1. The Tennessee Titans miss the playoffs

There haven’t been many NFL offseasons like this one, where most of the contenders made massive moves to get better and cement their case for a Super Bowl run. In contrast to most of the AFC, the Tennessee Titans made a sequence of lateral moves. They traded away A.J. Brown rather than pay him big-money only to have to spend the first round pick they got for him on his replacement and hope that a combination of Robert Woods and Treylon Burks is as good as Brown and a broken down Julio Jones.

Tennessee was the No. 1 seed a season ago, but it always felt a little unsustainable, and I think the AFC is so strong this season that whichever team fails to win the AFC South will miss out on the wild card spots as well.

2. The Titans won’t have a double-digit sack player

Tennessee has big investment in their pass rush now, with Bud Dupree and Harold Landry in particular the obvious assets. Neither player earned a PFF pass-rushing grade above 56.5 last season despite all the pressure that Landry in particular racked up. Of his 69 pressures including the playoffs, 24 were clean up plays and 17 were unblocked entirely. Nearly 60% of his pressure was low-quality, expected pressure. Jeffery Simmons and Denico Autry each sacked the quarterback 11 times last season, with Landry at 14, but it wouldn’t take much for variance to swing away and all of that investment yield no double-digit sack player.

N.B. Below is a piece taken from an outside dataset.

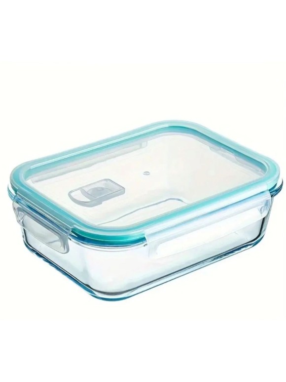 POTE DE VIDRO 400ML HERMETICO RETANGULAR AZUL CLARO UN.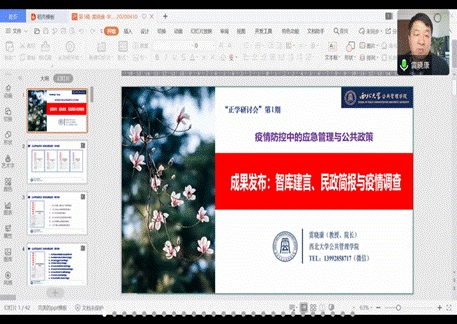 雷晓康教授基于“智库建言、民政简报与疫情调查”的主题,介绍了西北大学565net必赢的《智库政策建言》及《民政简报》,展示了我院师生及邀请的其他院校老师在疫情防控中做出的科研成果。如565net必赢报送了4期《西大公管智库政策建言》,民政部政研基地报送了7期疫情防控专刊等。此外,雷老师分享了2020年学院科学研究的总体规划,提出:第一,要继续强化理论研究,要在广度与深度上同时发力;第二,要以科研项目带动,推动建立研究团队;第三,要以“十四五”规划为契机,瞄准中央,服务于地方;第四,要配合应急管理学院的成立,加强应急管理学科的发展;第五,要加强对西北大学565net必赢的智库品牌建设,推动智库品牌的发展。最后,雷老师对未来的几个研究平台提出展望,并分享了在社保、民生、公共服务领域、应急管理领域和社会治理领域负责和参与项目的经验,展示了社会各界对我院学术能力和社会服务的肯定。

3. Treylon Burks replaces A.J. Brown seamlessly

The narrative around Treylon Burks has been on a journey! A first glance at his college tape shows a dominant playmaker, but then his workout numbers caused people to cool on their excitement. Eventually, second and third looks at the tape caused some to focus on the negatives, and reports of asthma when he first arrived at Titans camp only fed into the negativity.

Since then, Burks playing football looks a lot like Burks playing football at Arkansas — i.e. a dominant athlete capable of big-plays at any moment. That’s a lot like A.J. Brown. It’s a huge ask expecting a rookie to replace somebody as good as Brown, but Burks has the ability to manage it, and I suspect he’ll prove that the hysteria was largely irrelevant.